*** Block opens ***

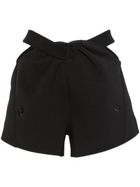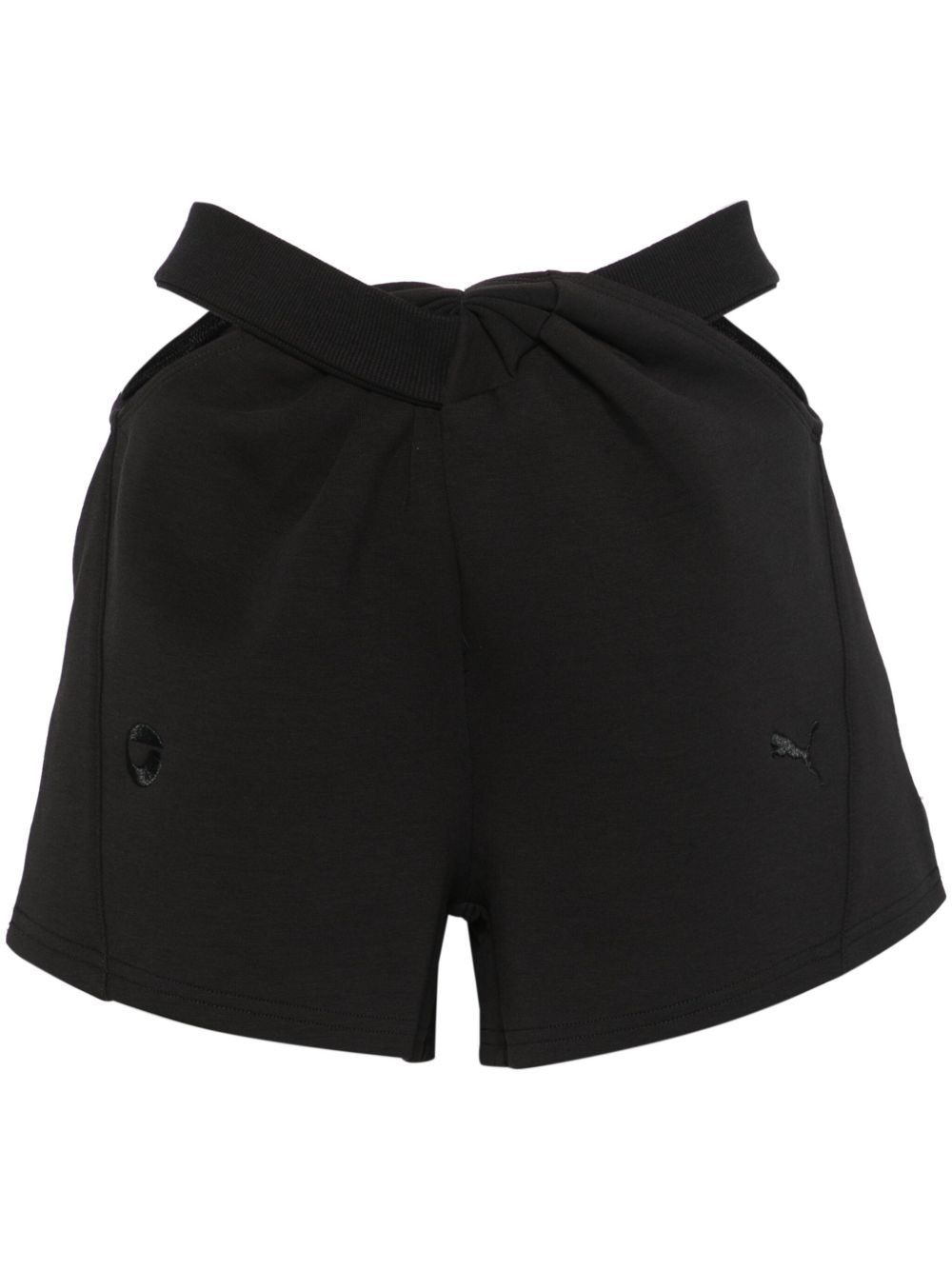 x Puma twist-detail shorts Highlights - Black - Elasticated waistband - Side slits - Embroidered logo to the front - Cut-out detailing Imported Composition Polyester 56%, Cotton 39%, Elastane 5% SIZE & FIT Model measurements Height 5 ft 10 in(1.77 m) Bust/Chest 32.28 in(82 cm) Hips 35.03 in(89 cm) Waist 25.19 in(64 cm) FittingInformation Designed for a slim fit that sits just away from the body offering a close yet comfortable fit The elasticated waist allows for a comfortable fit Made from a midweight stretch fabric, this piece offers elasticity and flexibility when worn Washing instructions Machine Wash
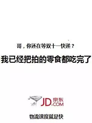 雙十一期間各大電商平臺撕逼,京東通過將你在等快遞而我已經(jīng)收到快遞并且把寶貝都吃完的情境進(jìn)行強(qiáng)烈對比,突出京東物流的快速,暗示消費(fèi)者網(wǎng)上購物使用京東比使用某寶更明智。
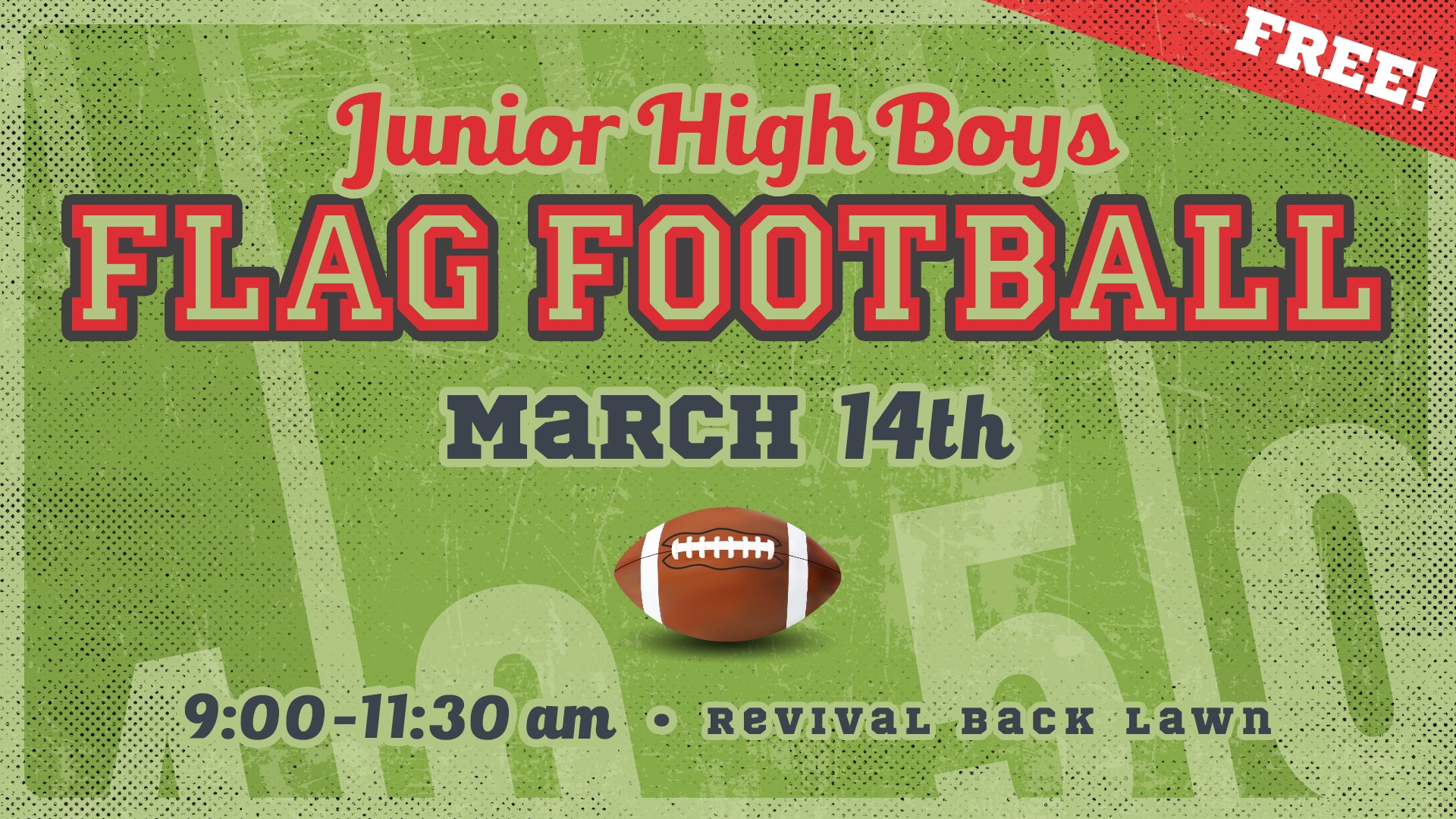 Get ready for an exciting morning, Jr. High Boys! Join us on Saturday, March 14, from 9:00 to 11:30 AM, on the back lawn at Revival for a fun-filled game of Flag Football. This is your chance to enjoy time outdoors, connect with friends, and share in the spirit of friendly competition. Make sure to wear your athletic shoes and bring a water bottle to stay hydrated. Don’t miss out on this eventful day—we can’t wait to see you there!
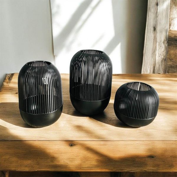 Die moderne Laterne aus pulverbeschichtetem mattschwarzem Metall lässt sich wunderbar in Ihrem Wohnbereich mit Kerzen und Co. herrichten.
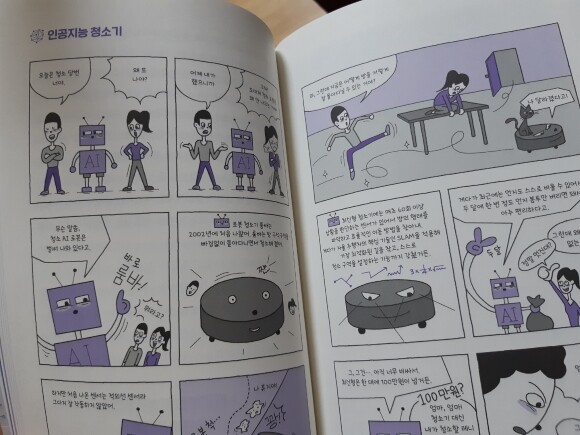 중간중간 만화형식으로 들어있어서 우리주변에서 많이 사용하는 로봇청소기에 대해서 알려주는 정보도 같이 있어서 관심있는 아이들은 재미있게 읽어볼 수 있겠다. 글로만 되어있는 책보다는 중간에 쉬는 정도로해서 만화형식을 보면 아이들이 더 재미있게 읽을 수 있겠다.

*** Block closes ***
*** Block opens ***

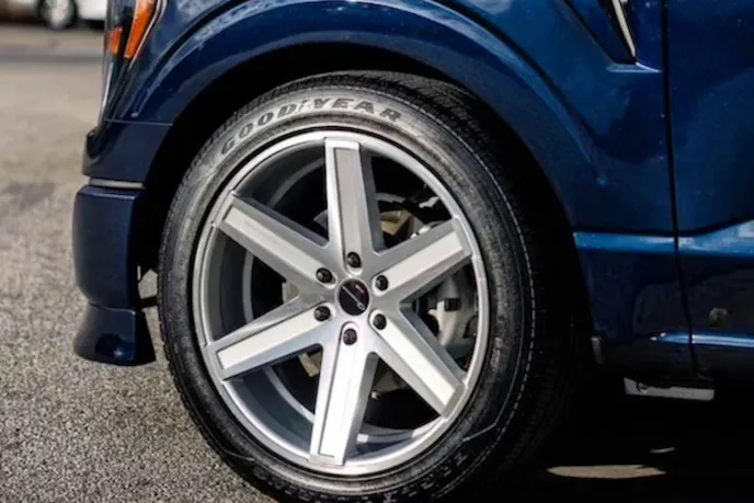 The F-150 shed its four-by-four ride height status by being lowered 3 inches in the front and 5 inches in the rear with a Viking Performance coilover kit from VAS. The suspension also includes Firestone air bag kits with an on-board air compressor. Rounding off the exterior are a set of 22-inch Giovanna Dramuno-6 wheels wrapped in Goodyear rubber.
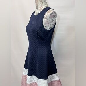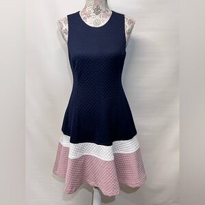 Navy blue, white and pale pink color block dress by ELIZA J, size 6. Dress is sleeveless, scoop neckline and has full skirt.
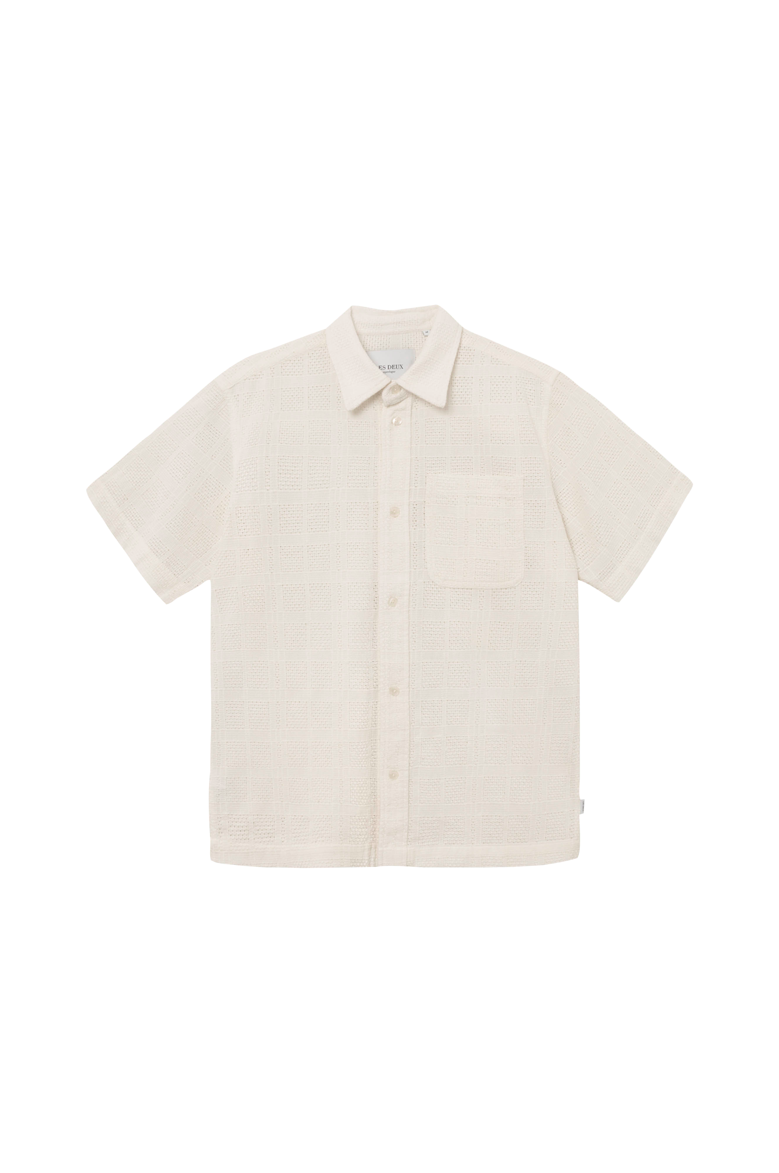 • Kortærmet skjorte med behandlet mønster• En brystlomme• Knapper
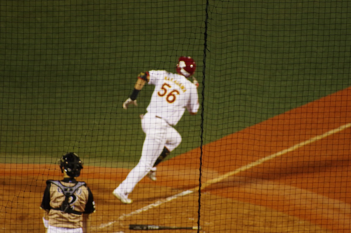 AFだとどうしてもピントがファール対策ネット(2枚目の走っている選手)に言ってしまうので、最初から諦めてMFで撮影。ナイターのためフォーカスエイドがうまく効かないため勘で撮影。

*** Block closes ***
*** Block opens ***

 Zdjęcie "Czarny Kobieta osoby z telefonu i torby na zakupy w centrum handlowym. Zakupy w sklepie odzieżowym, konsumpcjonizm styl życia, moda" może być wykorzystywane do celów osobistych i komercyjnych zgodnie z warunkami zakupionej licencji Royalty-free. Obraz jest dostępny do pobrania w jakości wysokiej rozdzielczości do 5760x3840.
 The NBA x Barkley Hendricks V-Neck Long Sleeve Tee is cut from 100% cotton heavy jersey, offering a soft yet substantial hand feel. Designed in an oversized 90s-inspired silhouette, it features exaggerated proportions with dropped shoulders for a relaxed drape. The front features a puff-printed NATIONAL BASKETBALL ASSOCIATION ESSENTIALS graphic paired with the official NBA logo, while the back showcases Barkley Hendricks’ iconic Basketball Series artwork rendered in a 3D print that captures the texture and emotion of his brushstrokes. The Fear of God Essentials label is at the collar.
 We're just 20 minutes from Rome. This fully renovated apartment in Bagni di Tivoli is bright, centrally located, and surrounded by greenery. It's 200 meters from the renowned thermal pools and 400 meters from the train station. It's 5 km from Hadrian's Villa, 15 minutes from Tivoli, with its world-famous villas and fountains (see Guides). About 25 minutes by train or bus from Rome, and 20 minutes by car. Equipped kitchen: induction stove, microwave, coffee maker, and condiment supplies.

*** Block closes ***

* WHAT IS NEEDED
Print the line above containing "Get ready for", the line containing "중간중간 만화형식으로 들어있어서", and everything between them, exactly as written. Pictures stay out.

* EXERCISE OUTPUT
 Get ready for an exciting morning, Jr. High Boys! Join us on Saturday, March 14, from 9:00 to 11:30 AM, on the back lawn at Revival for a fun-filled game of Flag Football. This is your chance to enjoy time outdoors, connect with friends, and share in the spirit of friendly competition. Make sure to wear your athletic shoes and bring a water bottle to stay hydrated. Don’t miss out on this eventful day—we can’t wait to see you there!
 Die moderne Laterne aus pulverbeschichtetem mattschwarzem Metall lässt sich wunderbar in Ihrem Wohnbereich mit Kerzen und Co. herrichten.
 중간중간 만화형식으로 들어있어서 우리주변에서 많이 사용하는 로봇청소기에 대해서 알려주는 정보도 같이 있어서 관심있는 아이들은 재미있게 읽어볼 수 있겠다. 글로만 되어있는 책보다는 중간에 쉬는 정도로해서 만화형식을 보면 아이들이 더 재미있게 읽을 수 있겠다.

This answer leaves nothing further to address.